- [Task goal] In the records below, find the line with "Prizor iz filma" and repeat exactly every line from it through the line with "(Diagrama 2) 19". Pictures stay out.

[Collected data entries]
******

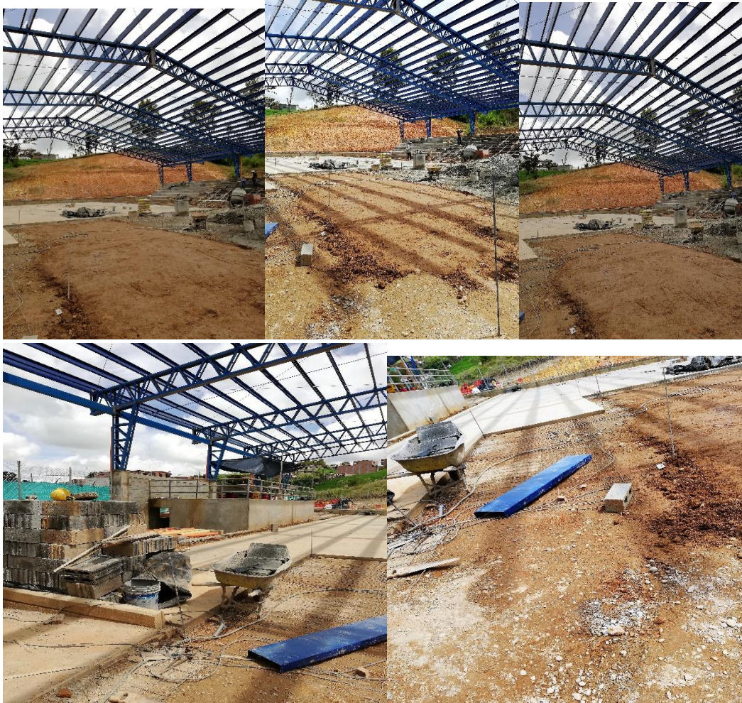
Fuente: Registro de visita de Obra- Pisos en concreto sin terminar y Cubierta sin instalar. Elaboró: Irma López López, (Profesional Universitario)

Lo anterior inobservando lo establecido en la cláusula séptima del contrato, Además, denota fallas en el proceso de supervisión del contrato; situación ésta que contraviene los procedimientos establecidos en los Artículos 83 y 84 de la Ley 1474 de 2011.
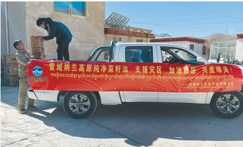
今年1月,西藏纳兰生态产业有限公司运送菜籽油支援定日县地震灾区。
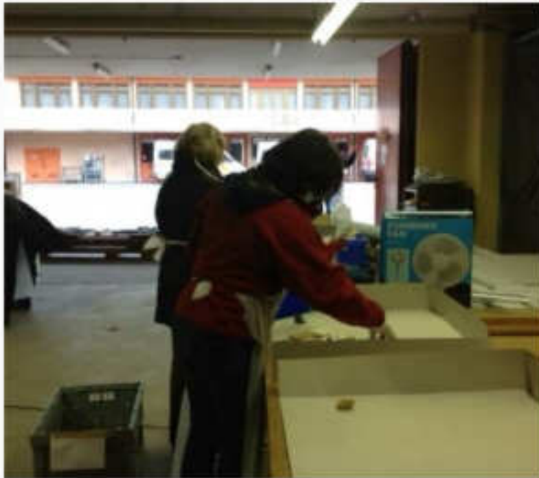
Spolvero zona viola
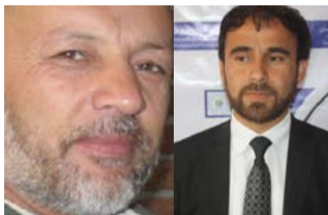
اعضای ارشد هر دو کمیسیون قبل از رفتن به طرف انتخابات پارلمانی... ادامه صفحه ۶

این حقوق دانان، اعضای کلیدی این کمیسیون ها را متهم به جانبداری از نامزد خاص در انتخابات ریاست جمهوری و گرفتن رشوه برای برنده کردن شماری از نامزاد شورای های ولایتی کرده می گویند، هر دو کمیسیون مسوول تقلبات سازمان یافته در انتخابات ریاست جمهوری هستند. به باور آنان، عدم بی طرفی کمیسیون های انتخابات سبب بی باوری مردم نسبت به انتخابات شده و این بی باوری ممکن است که در شرکت مردم در انتخابات پارلمانی اثر منفی بگذارد؛ بنابراین
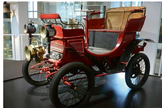
Kölner Motorwagen Vis-à-Vis, Kölner Motorwagen-Fabrik GmbH
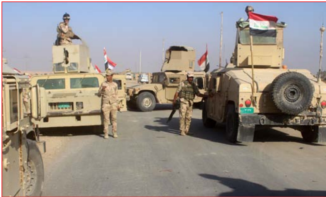
اليات عسكرية منشورة في راوة.. أ.ف.ب

■ العبادي: قواتنا حررت راوة بوقت قياسي ■ عملية خاطفة تنتهي بعزف النشيد الوطني على أبواب المدينة
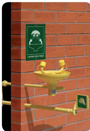
AF2210FP – Lave-yeux incongelable alimentation en traversée de mur
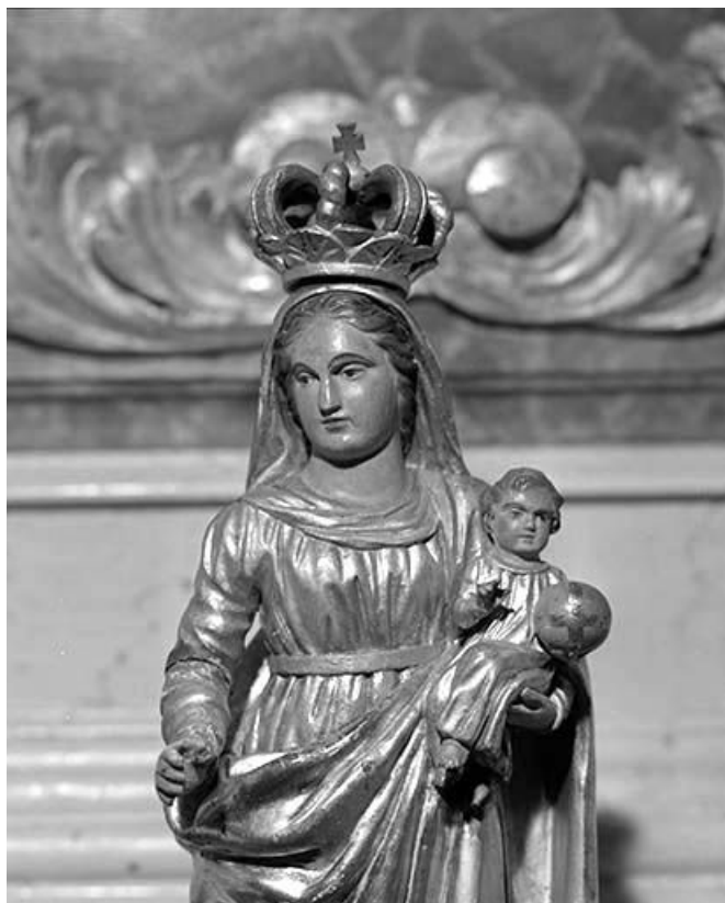
Vue à mi-corps de face.
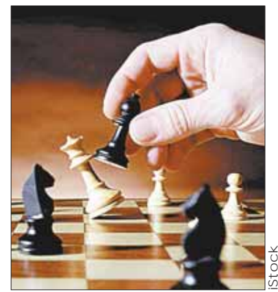
Tablero de ajedrez.

Los de Intermedio tendrán los martes, jueves y sábado (de 16.30 a 18.00 y de 18.00 a 19.30); los de Avanzado serán los lunes, miércoles y viernes (de 17.00 a 19.00).
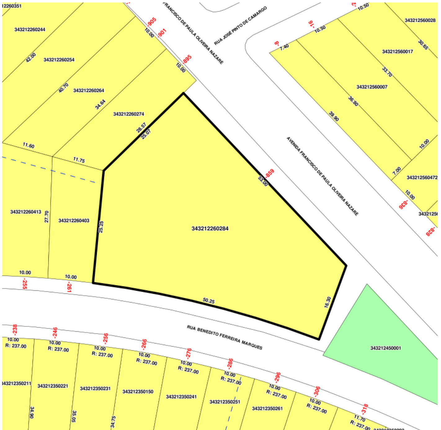
Situação da propriedade sem escala
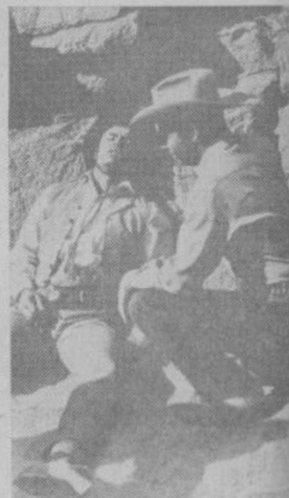
Prizor iz filma »Izgon iz pekla«, ki bo na sporedu 25. in 26. avgusta v Velenju.
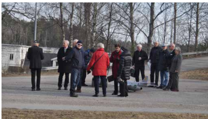
Samling inför ceremonin

Den 4 april samlades vi i vanlig ordning vid minnesstenen för att hedra dem som inte längre finns bland oss.
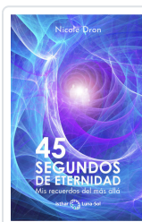
45 SEGUNDOS DE ETERNIDAD DRON, NICOLE
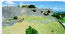
世界遺産勝連城跡 (3)
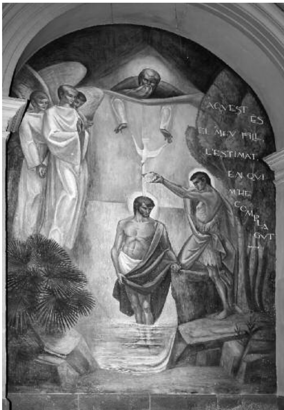
Representació del bateig de Jesús.
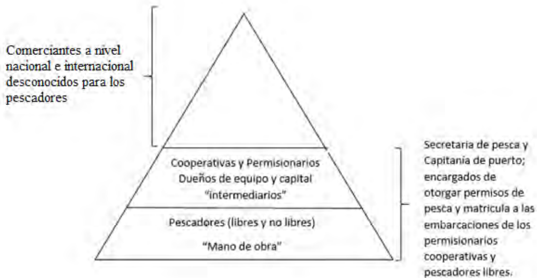
(Diagrama 2) 19

Por otra parte es que encontramos esta época como una etapa de cambios del autoconsumo de la pesca tradicional en la costa a un comercio que poco a poco se adentró en la red de comercio internacional, dicho trabajo de igual forma no se encuentra exento de las vicisitudes tanto sociales como ambientales, a medida que avancé en la investigación, me adentro en las situaciones cotidianas de los trabajadores, fuera y dentro del ámbito laboral, muchas de ellas provocadas por la dificultad ambiental de la pesca otras tantas por simple y llana desorganización institucional.
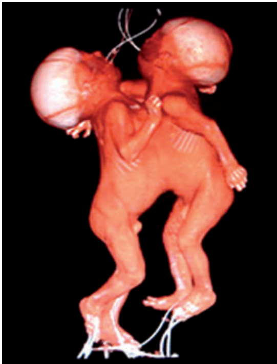
Figura 2. Reconstrucción tridimensional volumétrica de la tomografía computada multicorte, que muestra la superficie ventral de unión de los gemelos desde el esternón hasta el ombligo.

******

- [Your response]
Prizor iz filma »Izgon iz pekla«, ki bo na sporedu 25. in 26. avgusta v Velenju.
Samling inför ceremonin

Den 4 april samlades vi i vanlig ordning vid minnesstenen för att hedra dem som inte längre finns bland oss.
45 SEGUNDOS DE ETERNIDAD DRON, NICOLE
世界遺産勝連城跡 (3)
Representació del bateig de Jesús.
(Diagrama 2) 19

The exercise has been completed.